In a 3.26 Esquire piece called “War Against Youth,” David Marche explains how the degree to which Boomers (and, to some extent, older GenXers) have stuck it to GenY is really without historical precdent. No generation has ever robbed and undermined another generation quite like this. In fact, when has an American generation ever made things worse for a younger one?

“Since the beginning of the Industrial Revolution, human potential has been consistently growing, generating greater material wealth, more education, wider opportunities — a vast and glorious liberation of human potential,” Marche begins. “In all that time, everyone, even followers of the most corrupt or most evil of ideologies, believed they were working for a better tomorrow. Not now. The angel of progress has suddenly vanished from the scene. Or rather, the angel of progress has been sent away.

“Nobody ever talks about generational conflict. Who wants to bring up that the old are eating the young at the dinner table? How are you going to mention that to your boss? If you’re a politician, how are you going to tell your donors? Even the Occupy Wall Street crowd, while rejecting the modes and rhetoric and institutional support of Boomer progressives, shied away from articulating the fundamental distinction that fills their spaces with crowds: young against old.

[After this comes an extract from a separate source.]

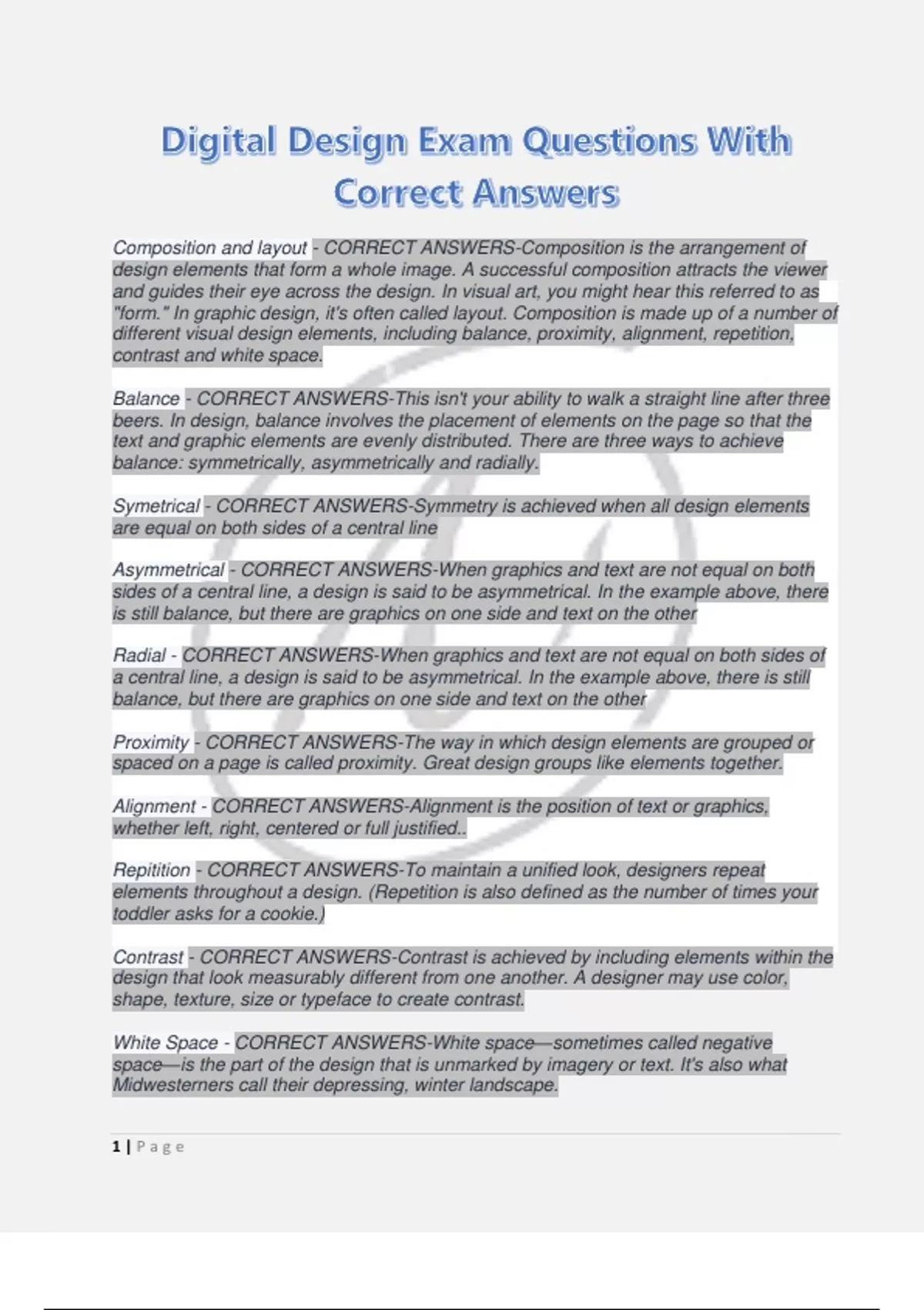 Asymmetrical - CORRECT ANSWERS-When graphics and text are not equal on both sides of a central line, a design is said to be asymmetrical. In the example above, there is still balance, but there are graphics on one side and text on the other Radial - CORRECT ANSWERS-When graphics and text are not equal on both sides of a central line, a design is said to be asymmetrical. In the example above, there is still balance, but there are graphics on one side and text on the other Proximity - CORRECT ANSWERS-The way in which design elements are grouped or spaced on a page is called proximity. Great design groups like elements together. Alignment - CORRECT ANSWERS-Alignment is the position of text or graphics, whether left, right, centered or full justified.. Repitition - CORRECT ANSWERS-To maintain a unified look, designers repeat elements throughout a design. (Repetition is also defined as the number of times your toddler asks for a cookie.) Contrast - CORRECT ANSWERS-Contrast is achieved by including elements within the design that look measurably different from one another. A designer may use color, shape, texture, size or typeface to create contrast. White Space - CORRECT ANSWERS-White space—sometimes called negative space—is the part of the design that is unmarked by imagery or text. It's also what Midwesterners call their depressing, winter landscape. Rule of Thirds - CORRECT ANSWERS-The rule of thirds is a technique that designers use to determine focal point. Using a grid of three rows and columns, focal points are indicated where the lines converge. Designers use this as a guide to determine where to place important elements in their design. Grid - CORRECT ANSWERS-A grid is a series of intersecting vertical, horizontal, angular or curved lines used to organize graphic elements on a page, as well as in relation to one another. Hierarchy - CORRECT ANSWERS-In design, hierarchy is the organization of elements by level of importance. Newspapers, magazine spreads and movie posters are good examples of the use of design hierarchy. Headlines (also called display type) are usually placed at the top, while subheads and body copy fall underneath Scale - CORRECT ANSWERS-Scale is the size of an object in relation to another object (not that thing in your bathroom that you curse at each morning). Scale can be used to create interest and grab a viewer's attention. Thumbnail Sketch - CORRECT ANSWERS-When conceptualizing, a designer will often create small, rough drawings—thumbnail sketches—to explore many ideas. Mock-Up - CORRECT ANSWERS-A mock-up is a real or digital model used to test early design ideas and see how they could look in the real world. Resoloution - CORRECT ANSWERS-The detail of an image based on the number of pixels is known as resolution. An image looks clearer when it has a higher resolution. DPI - CORRECT ANSWERS-DPI stands for "dots per inch," which is a measure of a printer's quality. For high-quality printing, 300dpi is recommended. For example, a 300dpi image at 1200×1800 pixels will become as a 4×6 inch print. PPI - CORRECT ANSWERS-PPI stands for "pixels per inch," which is a measure of pixel density used by electronic image devices. You'll likely see this used with scanners, cameras, TVs or monitors. Learn more about the difference between DPI and PPI. Bleed - CORRECT ANSWERS-Sounds pretty gruesome, but bleed is when a design actually extends past its printed edge so there's no chance of white borders when it's trimmed down after printing.

David Frum, former George W. Bush speechwriter, had the guts to acknowledge that the Tea Party’s combination of expensive entitlement programs and tax cuts is something entirely different from a traditional political program: “This isn’t conservatism: It’s a going-out-of-business sale for the Baby Boom generation.” The economic motive is growing ever more naked, and has nothing to do with any principle that could be articulated by Goldwater or Reagan, or indeed with any principle at all. The political imperative is to preserve the economic cloak of unreality that the Boomers have wrapped themselves in.”